English wallflowers, relatives of mustard, are perennials in mild winter areas. But they are most often grown for cool season display. Sweetly fragrant, they're grown by the millions in England.
Description of English wallflower: Wallflowers grow from 1 to 21/2 feet tall. Many-branched, they're topped by showy terminal spikes in many colors -- ranging from creamy white through yellows, oranges, tans and browns, to chestnut red. Some varieties are double.
Growing English wallflower: Wallflowers do best in average, moist soil in sun or partial shade in areas where the nighttime summer temperatures are below 65 degrees Fahrenheit. Space 12 to 15 inches apart. Elsewhere they are best for cool season display in spring or fall. They winter over in Zones 8, 9, and 10.
Propagating English wallflower: By seed. When grown as annuals, sow seeds indoors 6 to 8 weeks before the last frost is expected. Germination takes 5 to 7 days at 55 to 65 degrees Fahrenheit. When transplanting to individual pots, pinch out the tip of the tap root to encourage a bushy root system. Sow seeds in July or August so that plants can winter over for the earliest spring flowering.

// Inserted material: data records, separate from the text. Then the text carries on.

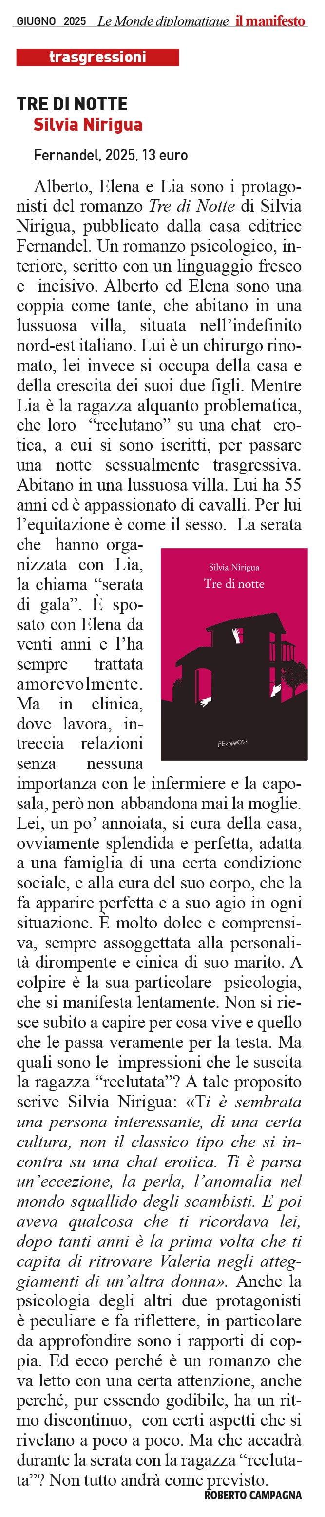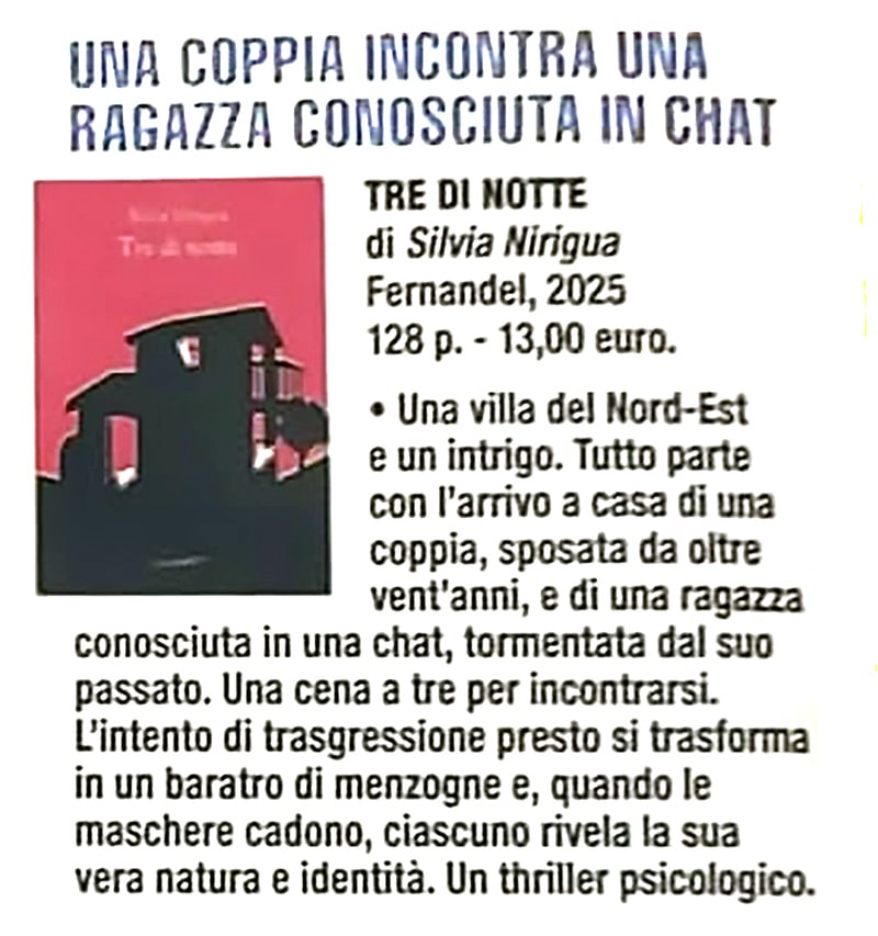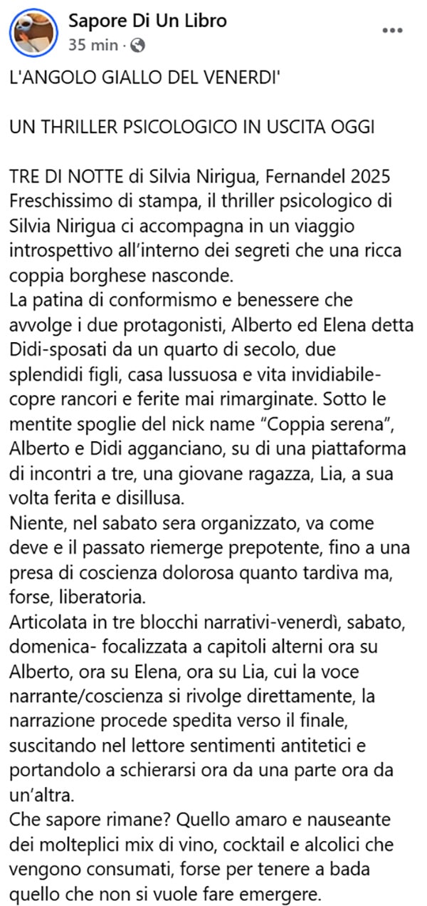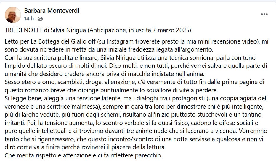 Con una scrittura affilata e uno stile chirurgico che non concede tregua al lettore, Tre di notte è un romanzo che avanza inesorabile verso un finale inaspettato.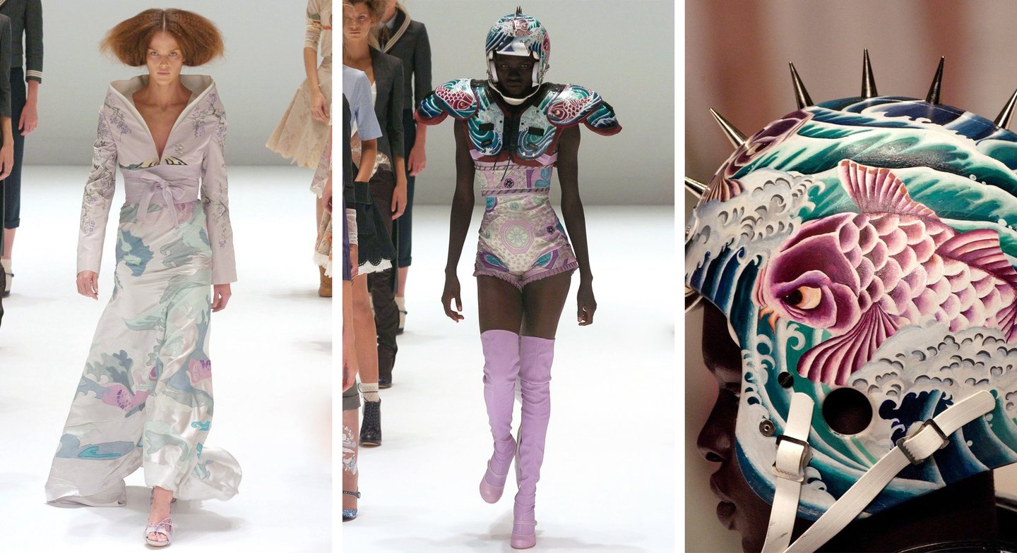 Александр Маккуин в свое коллекции 2005 года совместил костюм XVIII века, японское кимоно и футбольную форму.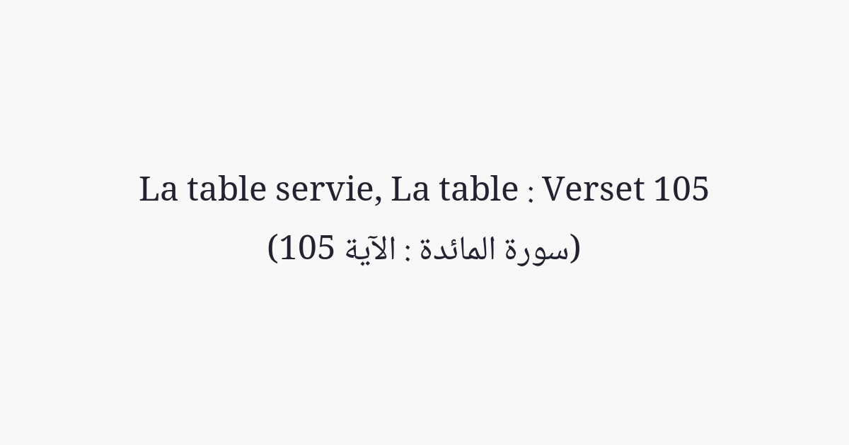 O les croyants! Vous êtes responsables de vous-mêmes! Celui qui s'égare ne vous nuira point si vous vous avez pris la bonne voie. C'est Vers Allah que vous retournerez tous; alors Il vous informera de ce que vous faisiez.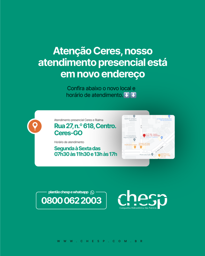 #CHESP #energia #atendimento #comunicado #solicitações #contatos #energiaeletrica #rialma #ceres #goias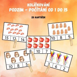 Sada obsahuje 25 karet s podzimními obrázky - děti na nich počítají předměty (1–15) a pomocí kolíčků, kamínků nebo

Uses for English wallflower: Plant wallflowers in rock gardens, beds, and borders. They are also pleasant by sidewalks and doorsteps. Wallflowers will bloom all winter in a cool room in sunlight. They make good cut flowers, too.
English wallflower related species: Erysimum hieraciifolium (Cheiranthus allioni) is the closely related Siberian wallflower. There are a number of varieties, including Early Wonder Mixed Colors.
English wallflower related varieties: Separate, named varieties include: Blood Red, Cloth of Gold, Eastern Queen (salmon-red), White Dame, and Fire King (orange-scarlet). Available mixtures are: Bedding Mixed, growing up to 18 inches and Double Dwarf Mixed, staying below 15 inches.